Nys-Newton: Nyström-Approximated Curvature for Stochastic Optimization
This work addresses the computational bottleneck in second-order optimization for machine learning, offering an incremental improvement in efficiency for large-scale empirical risk minimization tasks.
The paper tackles the challenge of efficiently approximating Newton's method for large-scale stochastic optimization by proposing Nys-Newton, which uses a Nyström approximation on a partial Hessian to compute update steps without full matrix storage. Results show competitive performance with state-of-the-art methods on convex and non-convex functions, supported by theoretical convergence analysis for convex cases.
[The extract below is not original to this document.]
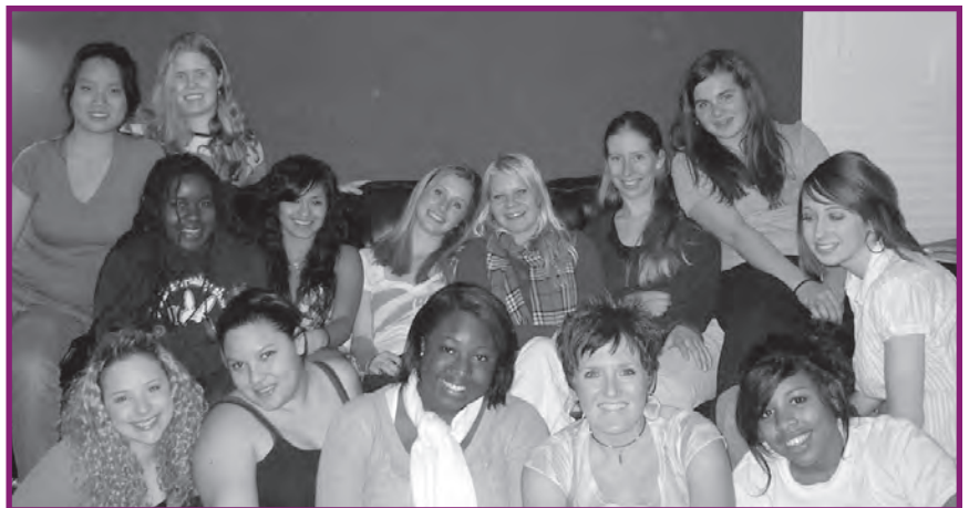
Unidas Participants 2008-09

The Women's Foundation of Southern Arizona would like to thank the Lovell Foundation and Every Voice in Action Foundation™ for their ongoing support of Unidas. ✨

Second-order optimization methods are among the most widely used optimization approaches for convex optimization problems, and have recently been used to optimize non-convex optimization problems such as deep learning models. The widely used second-order optimization methods such as quasi-Newton methods generally provide curvature information by approximating the Hessian using the secant equation. However, the secant equation becomes insipid in approximating the Newton step owing to its use of the first-order derivatives. In this study, we propose an approximate Newton sketch-based stochastic optimization algorithm for large-scale empirical risk minimization. Specifically, we compute a partial column Hessian of size ($d\times m$) with $m\ll d$ randomly selected variables, then use the \emph{Nyström method} to better approximate the full Hessian matrix. To further reduce the computational complexity per iteration, we directly compute the update step ($Δ\boldsymbol{w}$) without computing and storing the full Hessian or its inverse. We then integrate our approximated Hessian with stochastic gradient descent and stochastic variance-reduced gradient methods. The results of numerical experiments on both convex and non-convex functions show that the proposed approach was able to obtain a better approximation of Newton\textquotesingle s method, exhibiting performance competitive with that of state-of-the-art first-order and stochastic quasi-Newton methods. Furthermore, we provide a theoretical convergence analysis for convex functions.